• _INFORMATION SHOWN_
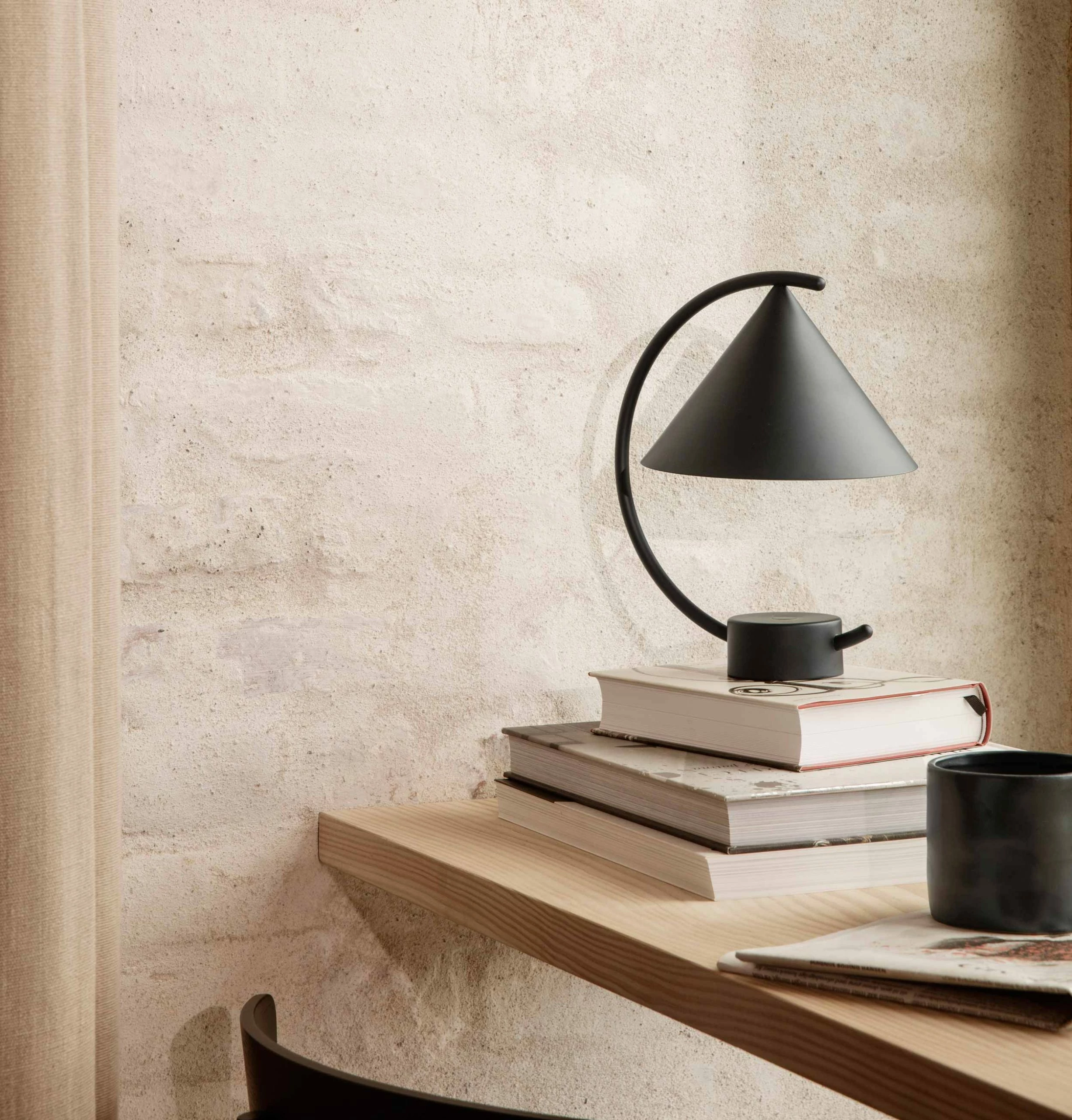 The Meridian Lamp presents a portable, dimmable lighting solution that works in a multitude of settings. Made in collaboration with the design studio Regular Company, the intriguing, sculptural form of the Meridian Lamp is based on three simple geometric elements. Combined, the lamp presents a clean, modern expression. The lamp offers easy, hassle-free charging, and provides up to 12 hours of light at a time.
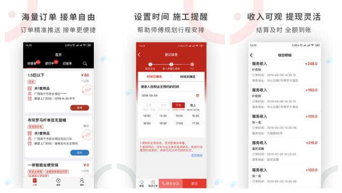 我们是一款为各地师傅们,提供家居上门维修/安装等服务的师傅们打造的一款接单干活的APP。也是一个自主报价、直接收款!并且一键开店、发布服务等围绕接单干活的互联网接单工具!
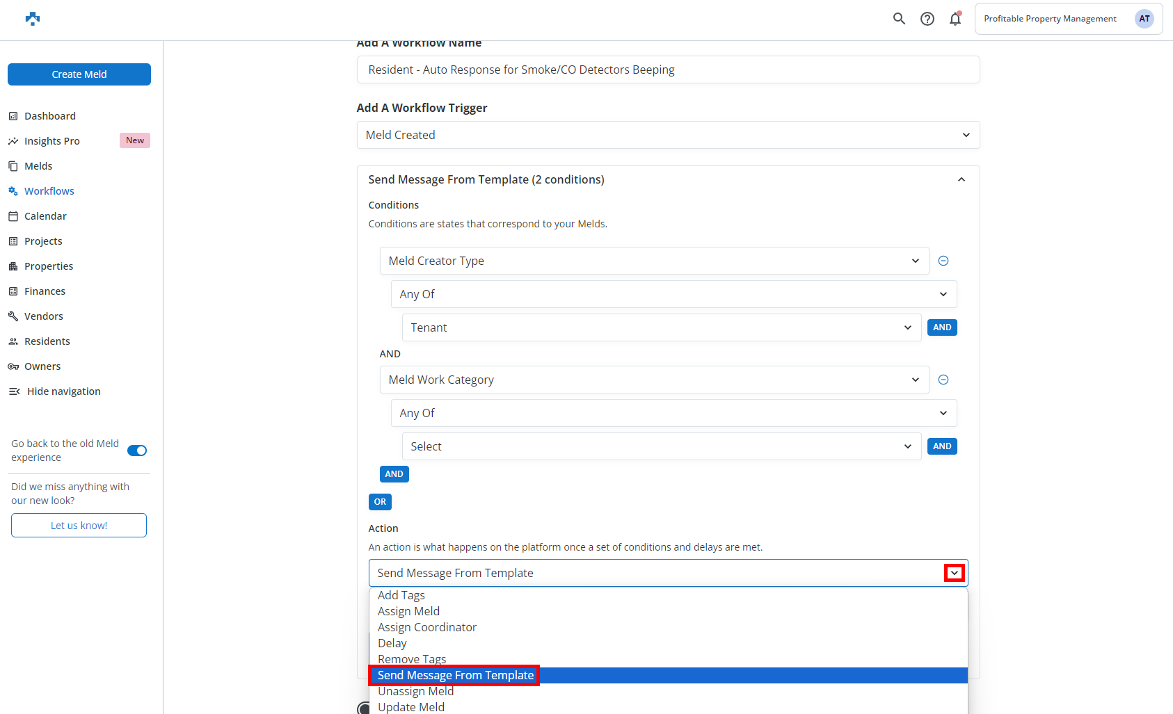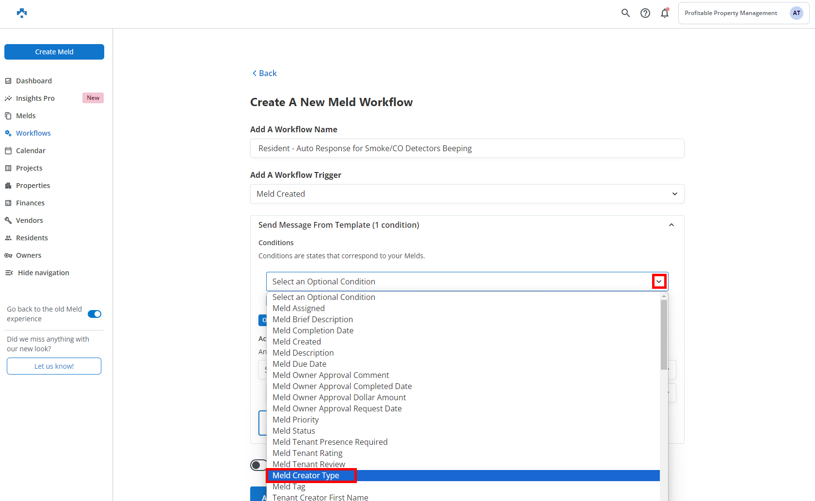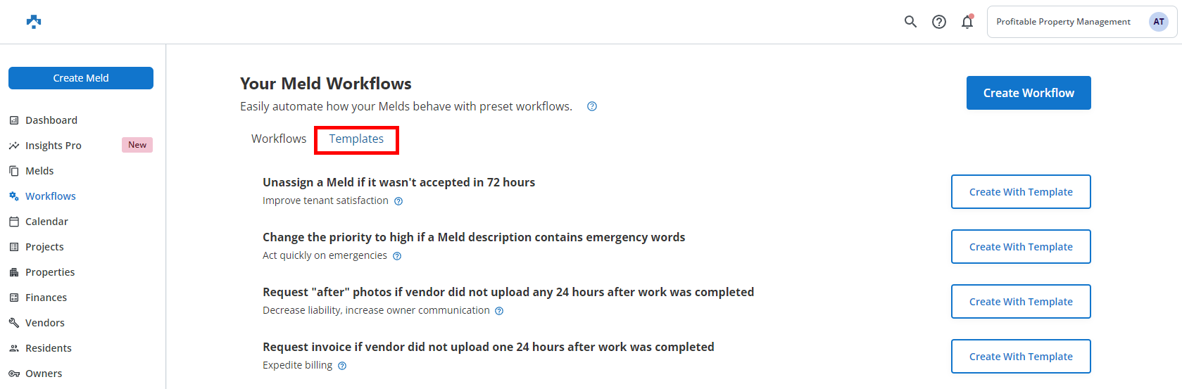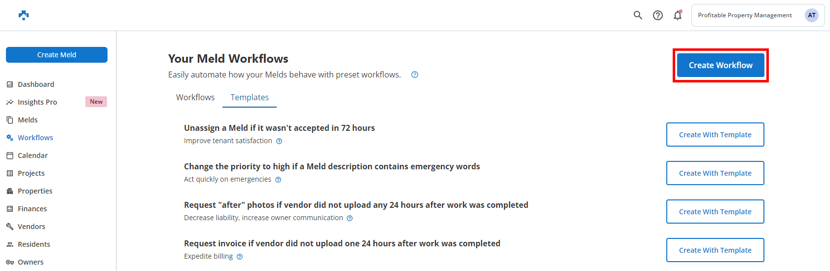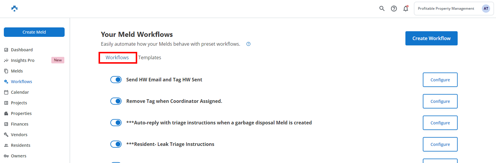 Meld Workflows are a way for property managers to easily automate how Melds work. Workflows are designed to help your team move faster and automate manual tasks that are required during the Meld process.

• _WHAT NEEDS TO BE DONE_
Without including any picture, repeat the data exactly.

• _ANSWER SPACE_
 The Meridian Lamp presents a portable, dimmable lighting solution that works in a multitude of settings. Made in collaboration with the design studio Regular Company, the intriguing, sculptural form of the Meridian Lamp is based on three simple geometric elements. Combined, the lamp presents a clean, modern expression. The lamp offers easy, hassle-free charging, and provides up to 12 hours of light at a time.
 我们是一款为各地师傅们,提供家居上门维修/安装等服务的师傅们打造的一款接单干活的APP。也是一个自主报价、直接收款!并且一键开店、发布服务等围绕接单干活的互联网接单工具!
 Meld Workflows are a way for property managers to easily automate how Melds work. Workflows are designed to help your team move faster and automate manual tasks that are required during the Meld process.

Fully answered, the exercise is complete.